Literature: adapting for today

Tempting though it might be to lob into the current debate on co-ed vs single sex education, I won’t. There are schools of all complexions and degrees of quality: the fit for your child and the quality of the school are far more important criteria for parental choice than gender mix.

More pressing in my mind is the business of reading and how the great literature of the past is adapted for a modern audience.

But first, to the topical.  A question I tend to ask of Bedales students on their return from holiday is: “Have you read or seen anything interesting?” Quite often they will choose to talk about what they have read – often their reading is different from mine, although,as an avid book review scanner, I tend to be aware of their books’ existence; often my reading is informed by what students are reading; occasionally the conversation dips into my talking about what I have been reading over the holidays.  I am always interested in what was the spur to their reading – a friend or a teacher, usually.  It is worth noting that by reading, I neither (of course) mean fiction nor sitting down with a printed volume – but I do think that students are increasingly aware that there is a qualitative difference between the browsing and article-scanning that internet-based research tends to involve and the in-depth, sustained concentration that reading a conventional book, whether on a kindle or on paper, requires.

I will return in a later blog to some of the choices that students are making in their own reading and to mine, but now to the link  between this and its adaptation for a modern audience.  Dickens, Shakespeare and Tolstoy – there you go, three big names we can scare ourselves with; but they are all pertinent to this debate and its central question: what license has the modern adapter to communicate these authors’ works to today’s audience?

Dickens is dear to my heart for reasons similar to why Orwell is – as an author whose writing had a significant effect in shaping our national consciousness and in reflecting back to us what was fair, decent and humane in the way in which we treat our fellow human beings.  Dickens should be read – or if not read, should be known about, so, although I return to Dickens every Christmas (Our Mutual Friend this one), I am as much interested in how he is brought alive for TV as anything; so it was good finally to see one of the current Dickens soap-opera Dickensian last night. Having been snooty about the idea (that you create a story out of a miscellany of Dickens characters), I thought it was cracking telly and engaged the audience with the delight and quirkiness of his characters.  It must also motivate people to read more of him.

The jury is out on how the views of the immensely talented Emma Rice, the new director of the Globe Theatre, will translate to that wonderful outdoor space, with its central role in advancing our Shakespearean heritage in this the year when we celebrate his  400th birthday.  I am all in favour of re-apportioning roles between the genders – to redress the fact that only 16% of lines in Shakespeare are allocated to women, but less confident that her approach to ironing out some of the difficulties in the language will do much else other than drain the richness out of his words.  Tom Sutcliffe’s piece in The Guardian is strong on this.

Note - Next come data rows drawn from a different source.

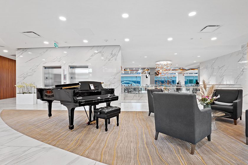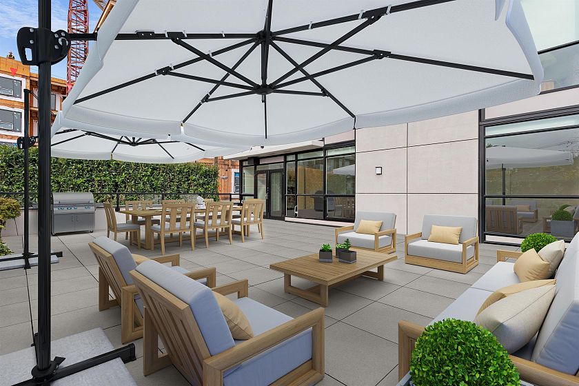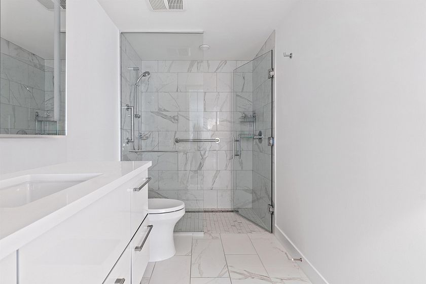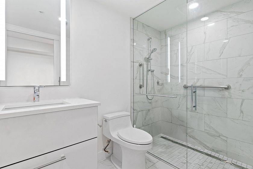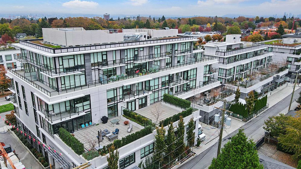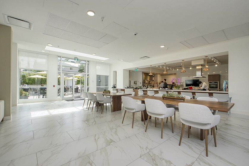 Welcome to the Opal, a refined living experience for the discerning 55+ community in Vancouver's west side. This 2-bed, 2-bath home boasts a 1,000 sqft private patio located on the South Side of the building (Quiet Side). Open concept kitchen with an entertainers island and Bosch stainless steel appliances make up the elegant kitchen. Discover ten unique dining spaces, unwind in the fireside library lounge, or rejuvenate in the Natural Wellness Spa with its one-of-a-kind Himalayan rock salt sauna. Enjoy the rooftop patio and lush garden. Explore your passions in music, art, and workshop studios. Keep fit in the specialized gym, or enjoy a game night in the hobbies and games area. Parking is via rental and can be carried over to new owners.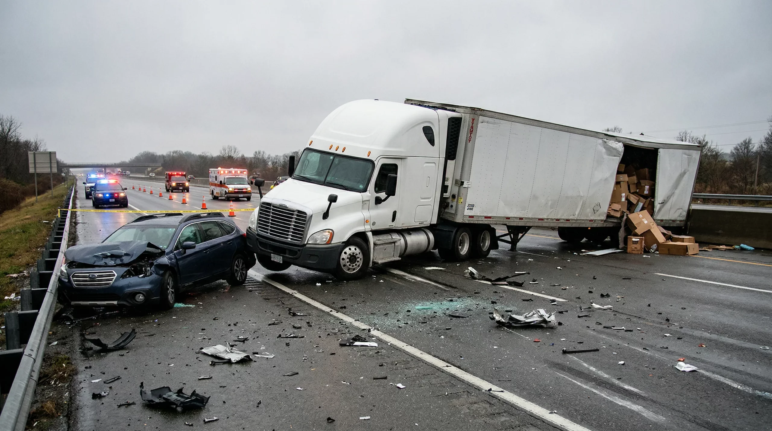 - High winds: Empty or lightly loaded trailers are particularly susceptible to crosswind rollovers. The open stretches of I-65 between Elizabethtown and Bowling Green see regular wind advisories that affect commercial vehicles.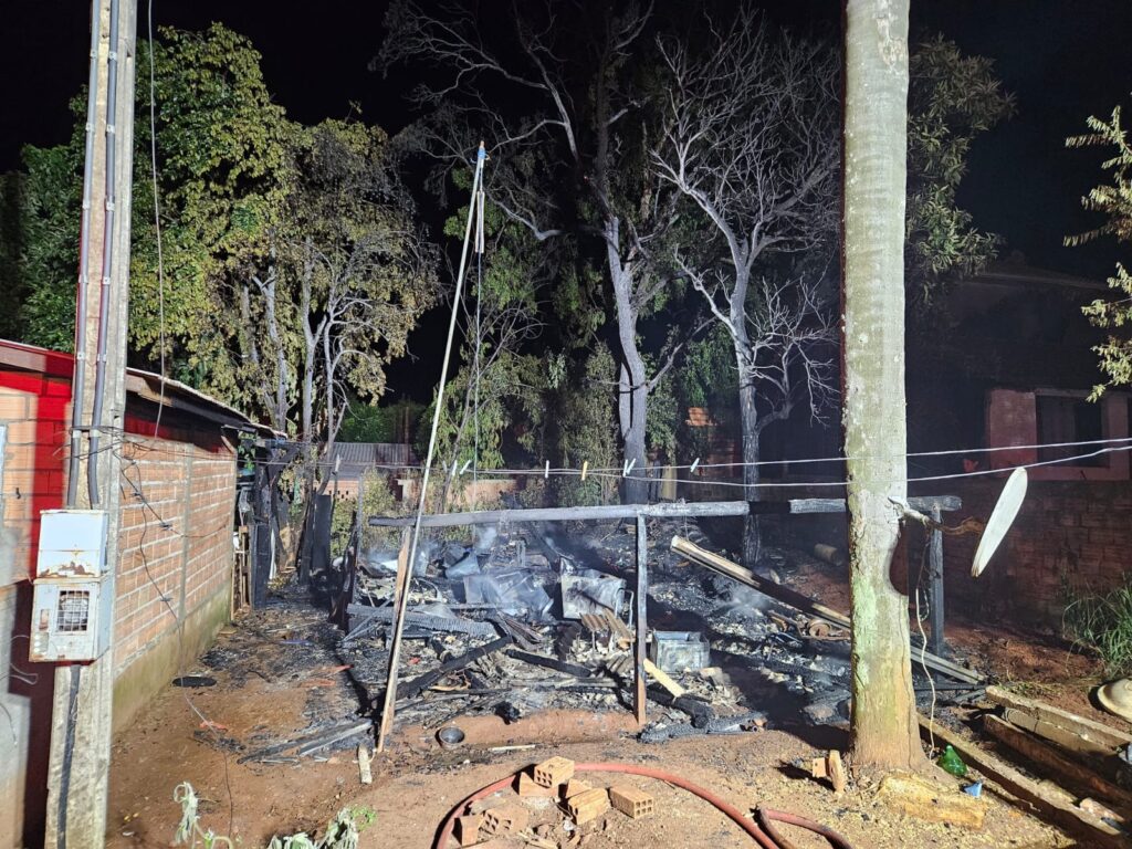 Uma residência de madeira foi totalmente destruída por um incêndio na noite desta quarta-feira (21), por volta das 23h54min, na rua Antônio Ezedio Marmentini, em Bom Jesus, no Oeste de Santa Catarina. O fogo mobilizou equipes do Corpo de Bombeiros Militar de Xanxerê, que atuaram no combate às chamas e na proteção das casas vizinhas. Ninguém ficou ferido.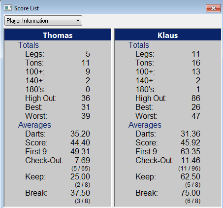 Dart Statisiken : Seit einigen Jahren spielen wir (wenn möglich) einmal die Woche Dart. Dabei nehmen wir die Daten auf und können somit einige Statisiken bzw.  Auswertungen   erstellen über z.B. den 3Dart Average, die High-Outs, First 9 Average, Average "Benötigte Darts" und seit neuem auch die DoppelAus Quote.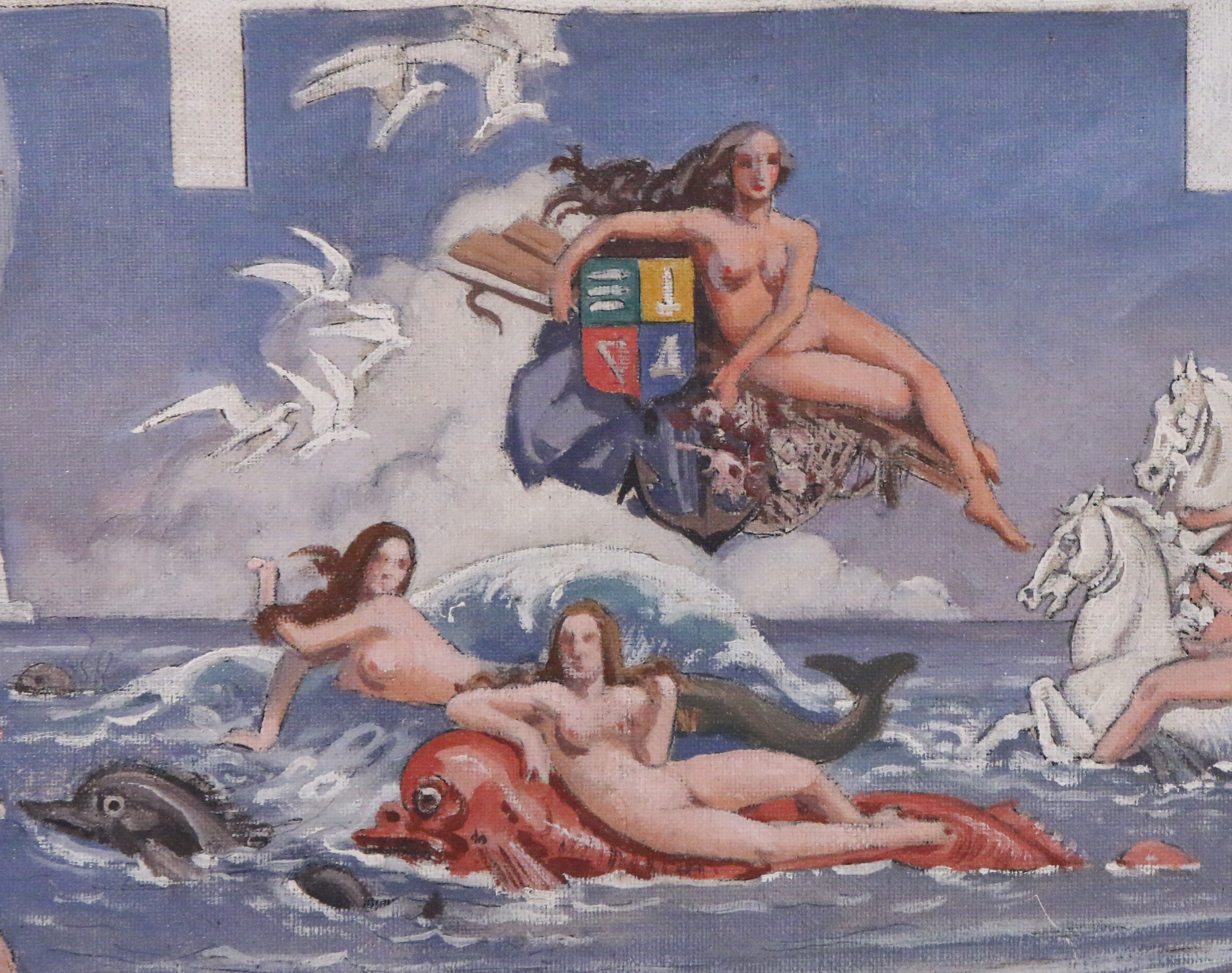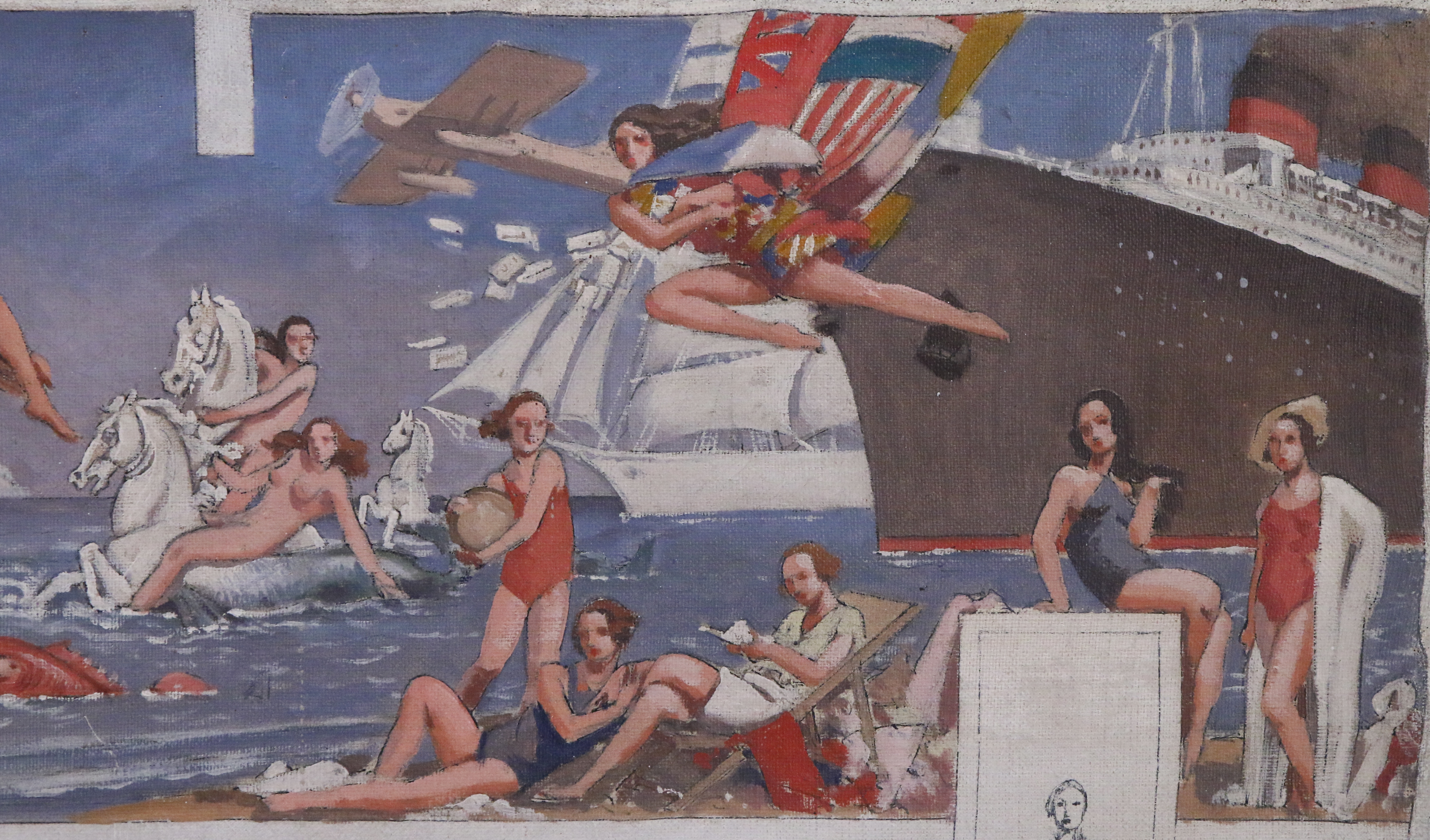 Avant projet sur toile de La Poste apportant les nouvelles du monde à Royan par Delorme, c. 1938

Finally, to Tolstoy and the good-looking new adaptation.  As a number of commentators have pointed out, it is trying to play the Downton trick: presenting us with a bewitchingly attractive world from the past that never existed and weaving a story out of it – good, escapist fun, but little to do with England or Russia respectively.  I doubt many people will pick up the mighty tome of War and Peace as a result of it – neither will they be alerted to the radical side of Tolstoy which made him such a controversial figure, as well, incidentally, as a big admirer of Bedales (yes, true..). I suspect that social historians in 30 years’ time will be discussing these shows for what they say about how we see ourselves now.

If that sounds curmudgeonly, let me end on a more upbeat note: the fact that the triple peaks of these three great authors are so much in the public eye is a feature of our national cultural life that most countries sadly lack and that we should be (of course, quietly) proud of.  Schools and teachers have no excuse not to be the beneficiaries.